#### ABOUT THIS TASK
From the line containing "OSHA WARNING Sign, Do" through the last line of the entries, output the text exactly. Pictures stay out.

#### SOURCE INFORMATION
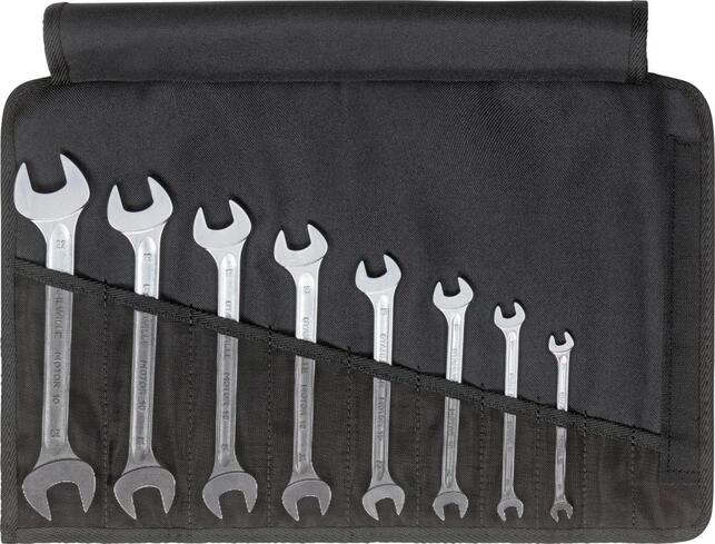 Sada obojstranných vidlicových kľúčov, v rolovacom puzdre Vyhotovenie: DIN 3110, ISO 3318. Matne chrómované, čeľuste zalomené pod uhlom 15°, s plochými hlavami. Dodáva sa v rolovacej taške. Z chrómovej ocele, chrómované. Stabilný hriadeľ s profilom dvojitého T. Výrobca: STAHLWILLE Eduard Wille GmbH & Co. KG, Lindenallee 27, 42349 Wuppertal, DE, +4920247910, info@stahlwille.de
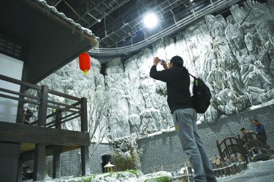 除了眾多親子游客,不少年輕人也特地前來。中影基地6號棚的江南水鄉(xiāng)拍攝小景跟前,聚集了許多年輕人圍觀一對青年體驗拍攝《大話西游》中的經(jīng)典場景。全副武裝扮演至尊寶的是來自北京吉利學(xué)院的學(xué)生張江。“曾經(jīng),有一份真誠的愛情放在我面前,我沒有珍惜,等到我失去的時候才后悔莫及……”當(dāng)背出了至尊寶的經(jīng)典臺詞時,張江依然覺得“很尬”,難以入戲。導(dǎo)演趕緊上來給他說戲,“這時候劍距離你的喉嚨只有0.01公分,你要仰起頭……”這當(dāng)口,飾演紫霞仙子的女同學(xué)已經(jīng)拿不住劍,手腕松了下來。一個小時過去了,這一條還是沒能過,只好休息一會兒。“人生第一次嘛,體驗體驗。”張江說。
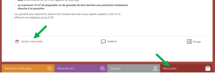 Vous vous intéressez, par exemple, aux distances de sécurité incendie pour un bâtiment administratif. Sélectionnez l'affectation « Bureau », ensuite « max. 2 étages », puis « Distances de sécurité incendie ». Par la suite, vous souhaitez également en savoir plus sur les prescriptions relatives aux extincteurs. Afin de ne pas devoir passer à nouveau par toutes les rubriques, voyez la piste de navigation en haut de page: Page d'accueil > Recherche d'affectation > Bâtiments administratifs > max. 2 étages > Distances de sécurité incendie
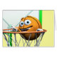 Een geweldig cadeau voor een basketbalfan. Een oranje cartoon basketbal valt door een basketbalhoepel met een grote grijns.
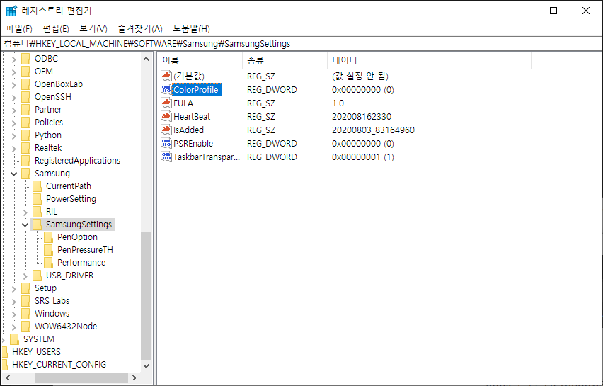 대충 내가 찾는 그 AMOLED의 컬러 프로파일이 맞는 것 같았다. regedit을 켜서 들어갔다.
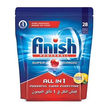 Finish All-in-1 Super Charged Powerball Dishwasher Detergent Tablets Lemon Sparkle 28 Tablets
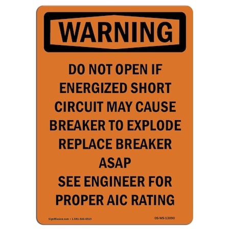 OSHA WARNING Sign, Do Not Open If Energized Short, 18in X 12in Rigid Plastic
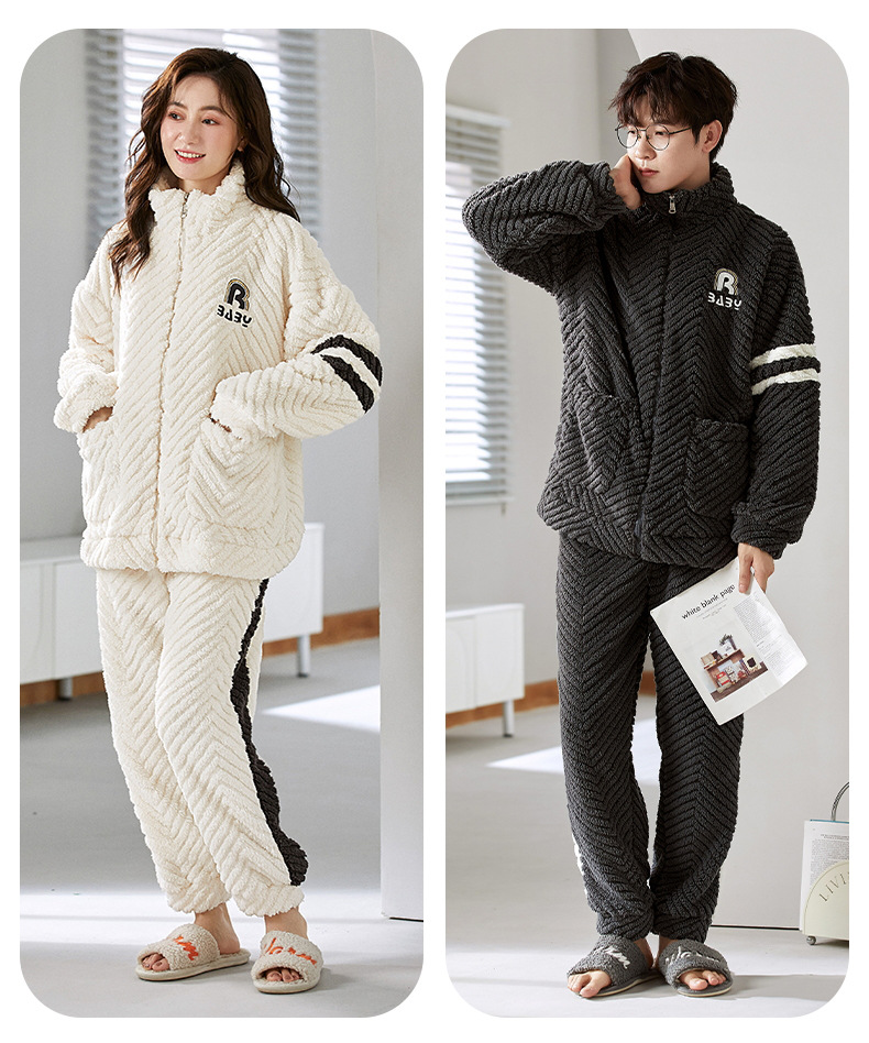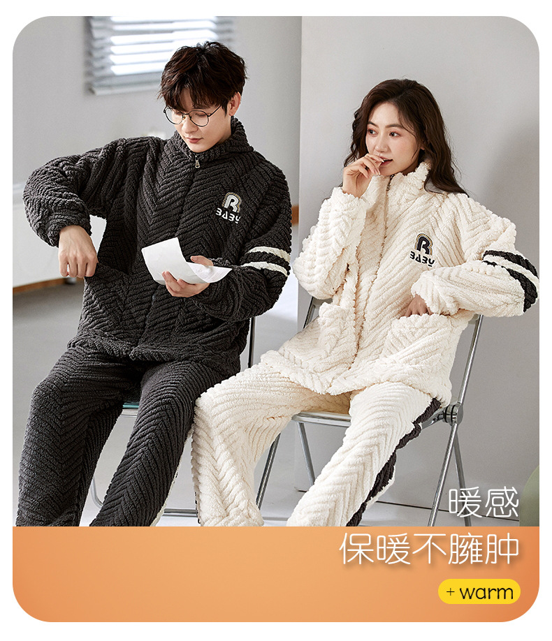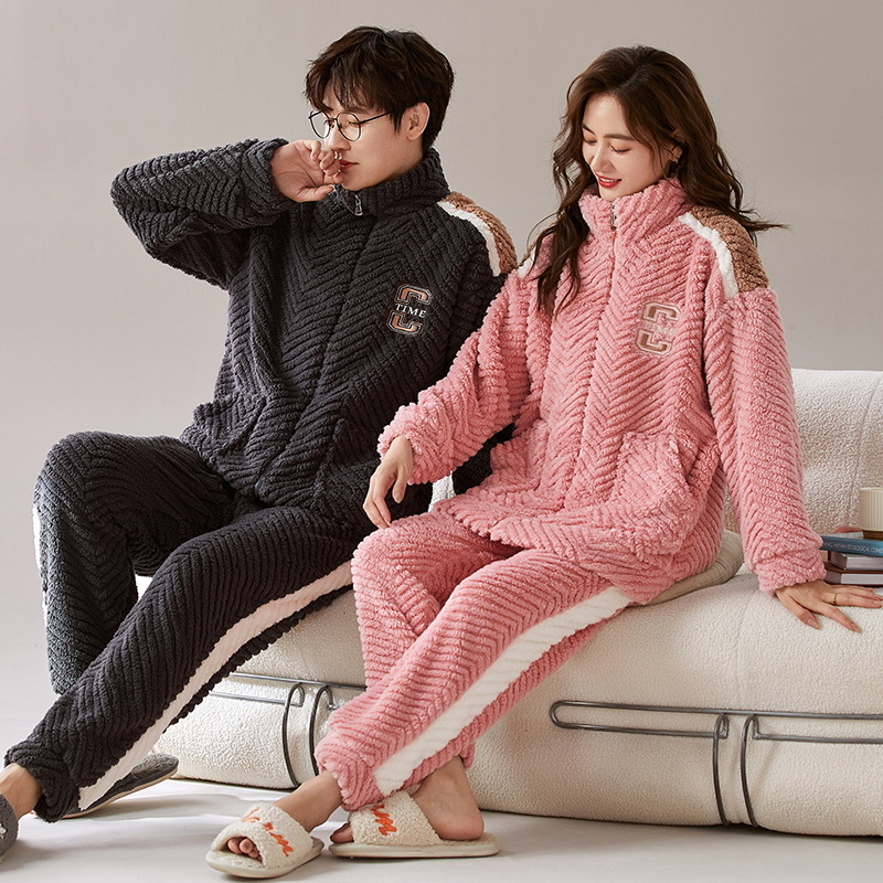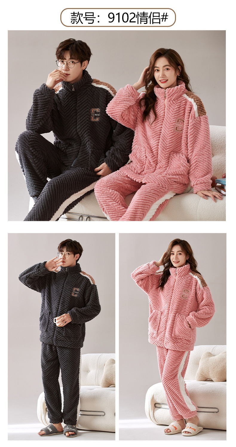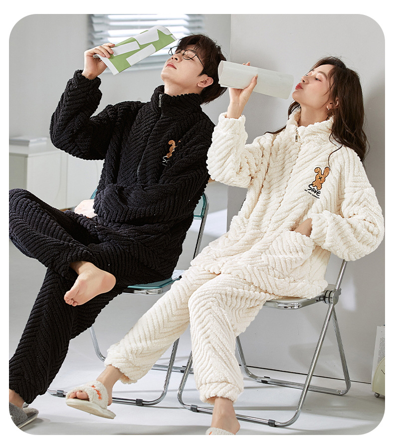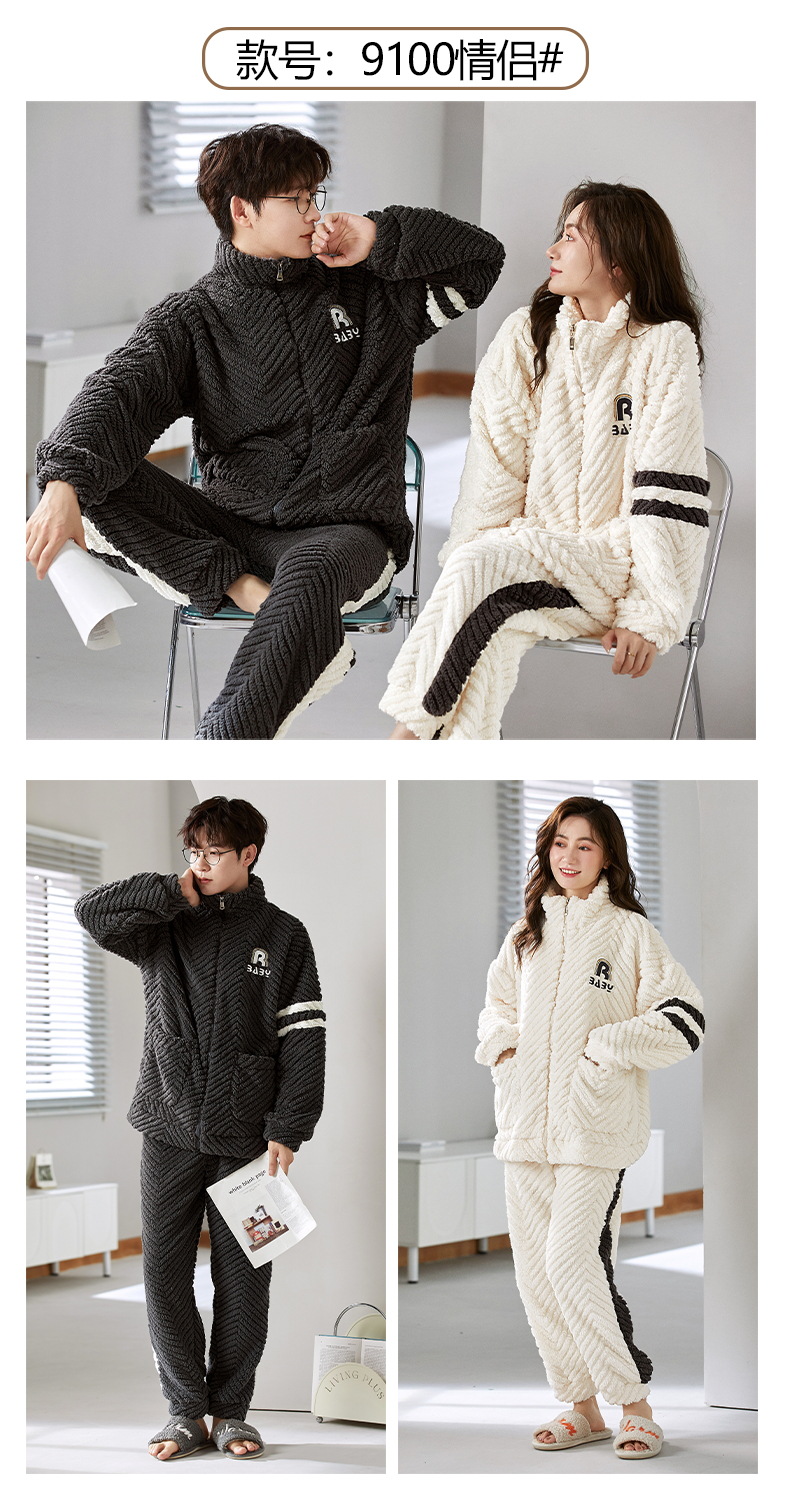 커플 잠옷 가을과 겨울 두꺼운 산호 양털 여성 만화 겨울 플란넬 남성 홈 의류 지퍼 세트
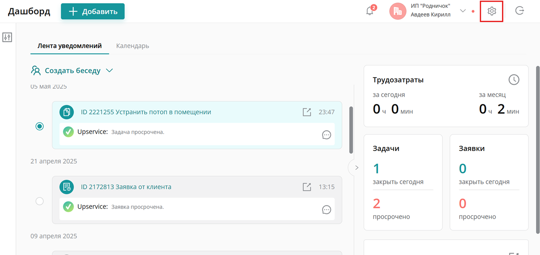Чтобы перейти в настройки аккаунта вам достаточно нажать на значок шестеренки в правом верхнем углу рядом с названием вашей компании:

#### RESULT FOR THIS EXERCISE
 OSHA WARNING Sign, Do Not Open If Energized Short, 18in X 12in Rigid Plastic
 커플 잠옷 가을과 겨울 두꺼운 산호 양털 여성 만화 겨울 플란넬 남성 홈 의류 지퍼 세트
Чтобы перейти в настройки аккаунта вам достаточно нажать на значок шестеренки в правом верхнем углу рядом с названием вашей компании:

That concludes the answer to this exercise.